28 Nov No Gay in the Life of Pavel Datsyukian.
Once in a long while comes a hockey player whose skill and grace touch a level of distinction that reaches for lore. It is as if he was born on the bench, his father, once more unto the breach with that first pair of skates. But innate ability is only part of the story and devalues the atypical amount of practice required to achieve such a level of excellence. It is the rare union of uncommon talent and eager dedication to craft.
Over the last decade plus, it is unlikely that anyone has brought hockey fans to their feet more often than Pavel Datsyuk. With a wink to the puck genius of Patrick Kane and a nod to the magic of Johnny Gaudreau, Datsyuk`s coolness with the puck, the deft feel of his hands, the manner in which he befuddles opponents, may be without parallel in the history of the game. He has shown moves that hockey fans have never imagined, much less seen. The great hockey orator, Danny Gallivan, might have described them as Datsyukian.
To those who appreciate hockey for its fundamental skill and beauty, for those who would gladly forego the fighting and intimidation that counters the objective of the game, Pavel Datsyuk is an irreplaceable icon. He moves quietly through the noise, a wisp whose presence is more sensed than seen. He is an artist whose work would, were his stick a brush, be hanging in the Louvre or the Prado or the Hermitage, or in any of the transcendent places where great masters gather. He is that special player who draws fans to the arena in anticipation of that next moment of brilliance. In so doing, he gives the lie to the notion that the splendour of hockey cannot stand on its own, that it needs the circus claimed by the promoters of violence.
It is sad to learn then that the great Datsyuk, the soaring sprite who floats beyond the mayhem, the very symbol of what hockey should be, is homophobic. If he were a thug, an intimidator, a brute, his antipathy towards gays might be more comprehensible. He might then feel compelled to defend his manhood against something as threatening as homosexuality. But in a sport which often seems more suited to the Coliseum, Pavel Datsyuk more resembles the performing arts. Prejudice doesn’t come in neat packages.
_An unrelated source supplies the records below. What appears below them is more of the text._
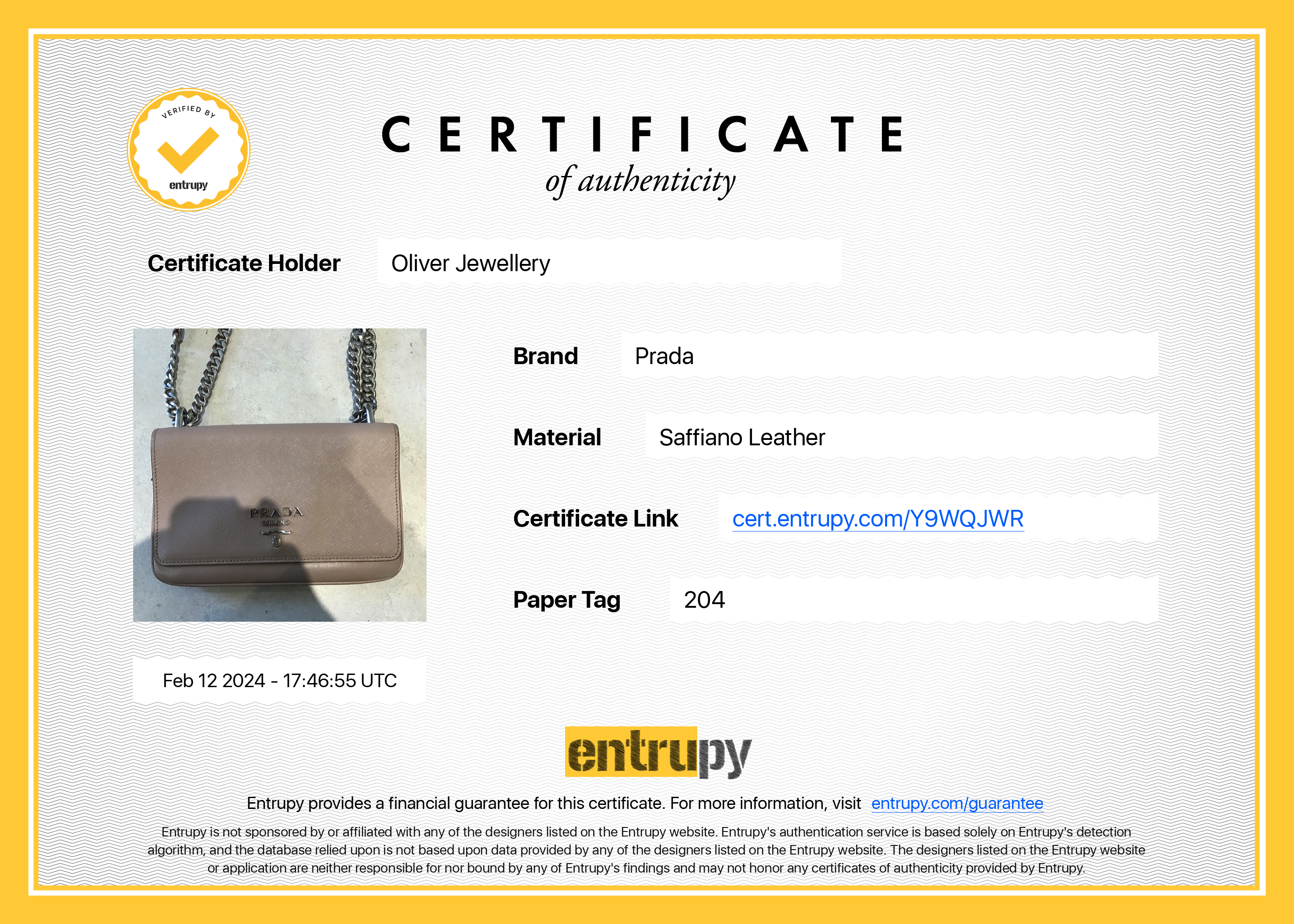 Authenticity Card, Booklet, Entrupy Certificate of Authenticity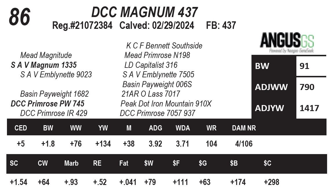 Top 2% Milk, Top 15%SC,CEM,$W,Top 20%$F,$C, Top 25%WW,$B,YW,Top 30% CW,Marb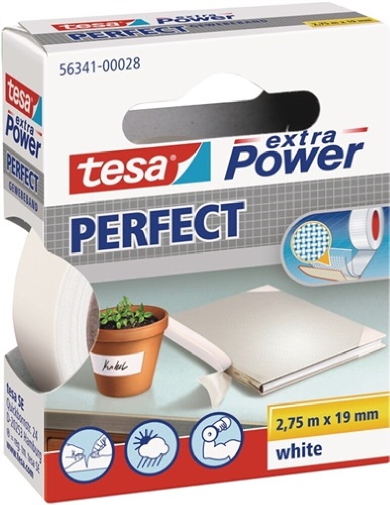 Tesa Gewebekleb. 2,75m x 19mm extra Power weiß Perfekt 56341 Gewebeklebeband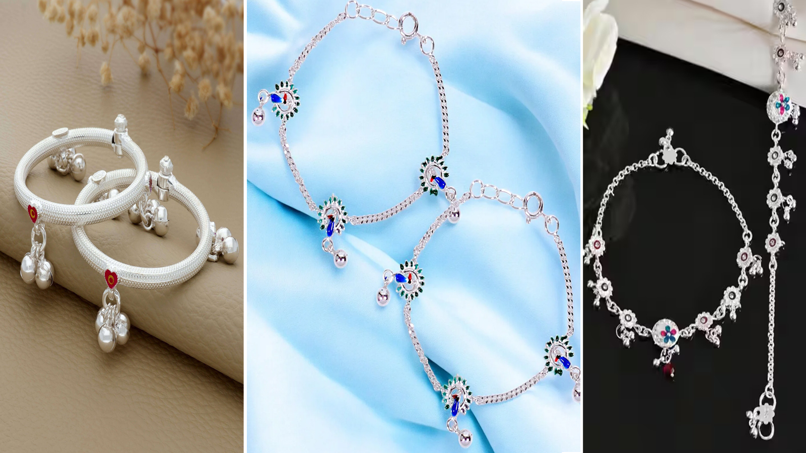 2+ साल की बेबी गर्ल के लिए सिल्वर एंकलेट सबसे प्यारी और प्रैक्टिकल जूलरी मानी जाती है। चांदी हल्की होती है, स्किन-फ्रेंडली होती है और बच्चों के लिए पूरी तरह सुरक्षित भी। खास बात छोटी बच्चियों पर शाइनी, मिनिमल और क्यूट चार्म वाली पायल हमेशा सुंदर लगती है और किसी भी फेस्टिव कैजुअल ड्रेस के साथ मैच हो जाती है। यहां आपके लिए 10 यूनिक और ट्रेंडी सिल्वर एंकलेट डिजाइन दिए जा रहे हैं, जो खास तौर पर बेबी गर्ल को ध्यान में रखकर चुने गए हैं।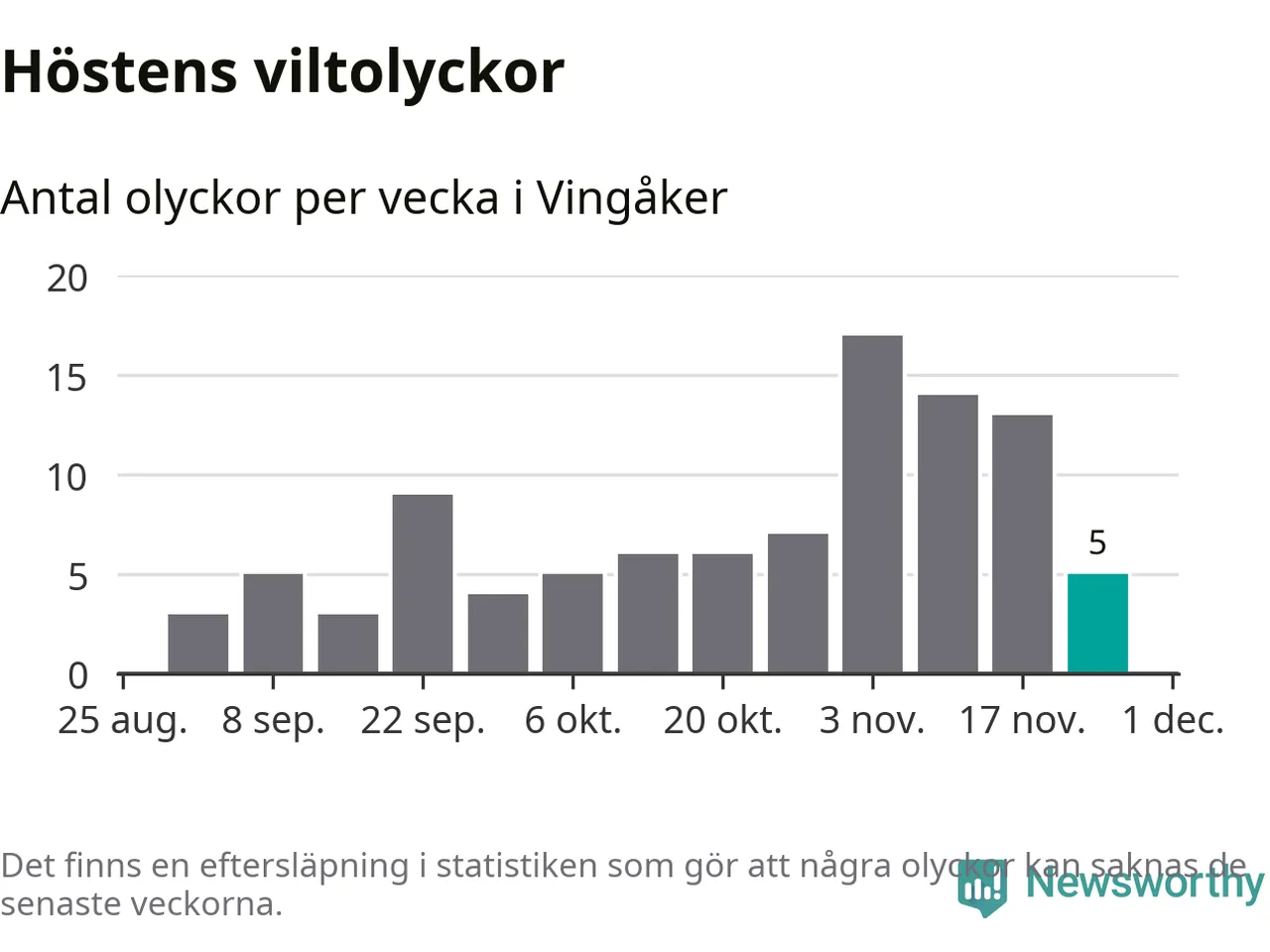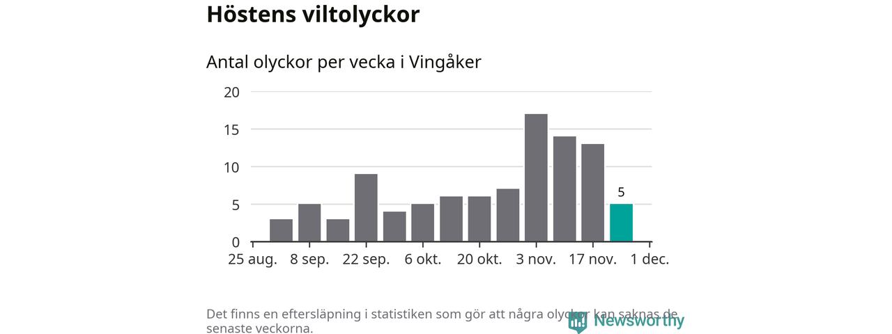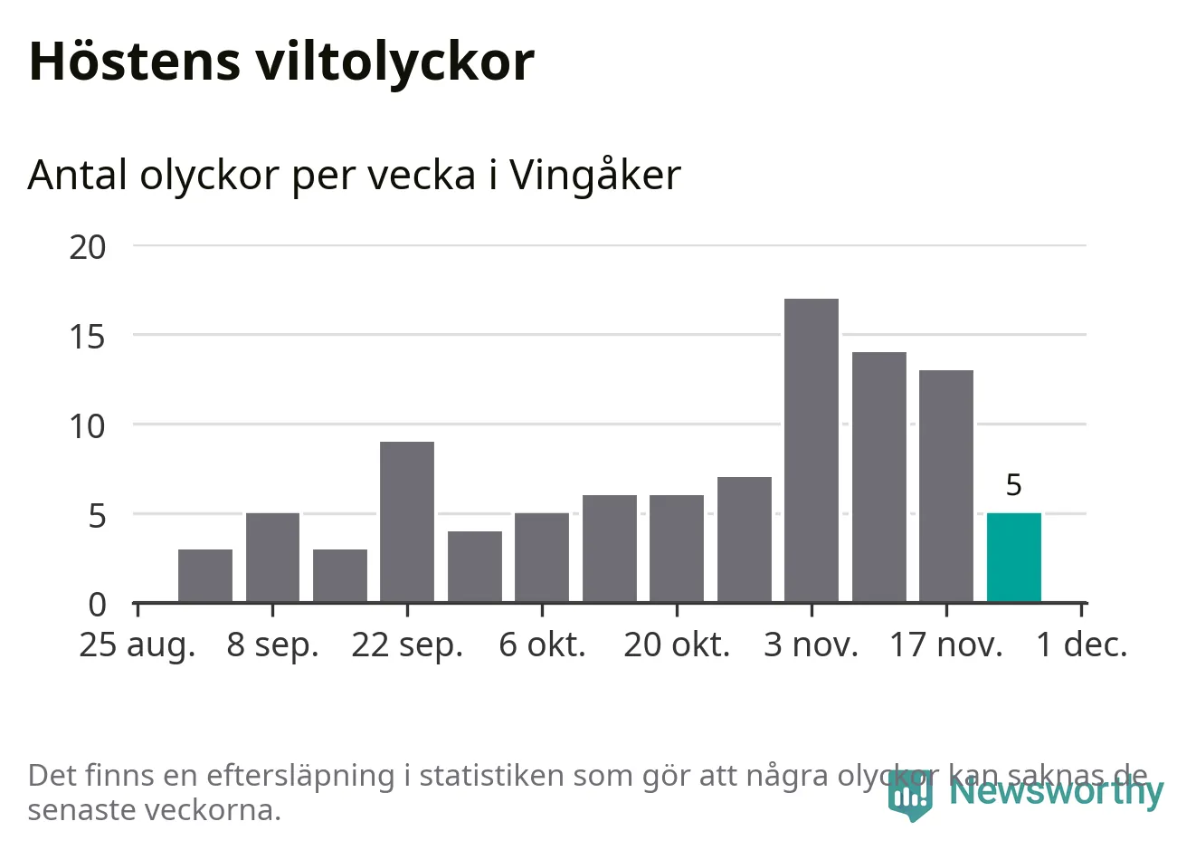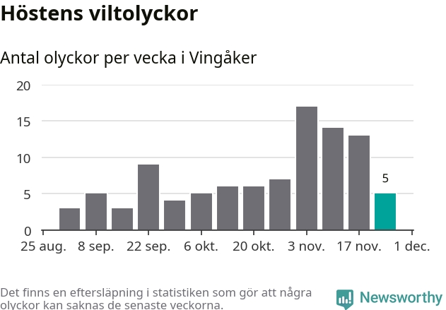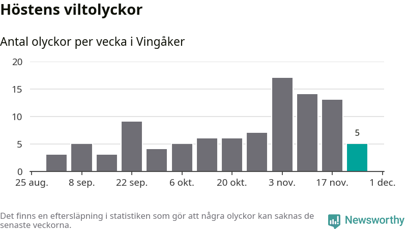 Hittills har fem viltolyckor rapporterats in i Vingåkers kommun från vecka 48. Se listan här.

Here is a little context to help explain what may be up with Pavel Datsyuk. If you thought there was no room to slip a dîme between the Western Catholic Church and the right- wing wall, you were wrong. More reactionary than even the Papists, the various versions of the Eastern Orthodox Church are just as intolerant and capable of hate as their long-lost but little-loved Roman brethren. Were they medieval lords, Holy Roman Emperors, Ivan and other tsars, Mussolini, Franco, Latin American generals, African strongmen or lately, Vladimir Putin, the Roman and Eastern Orthodox Churches have historically collaborated with politicians and oppressors alike to restrain and terrify the population.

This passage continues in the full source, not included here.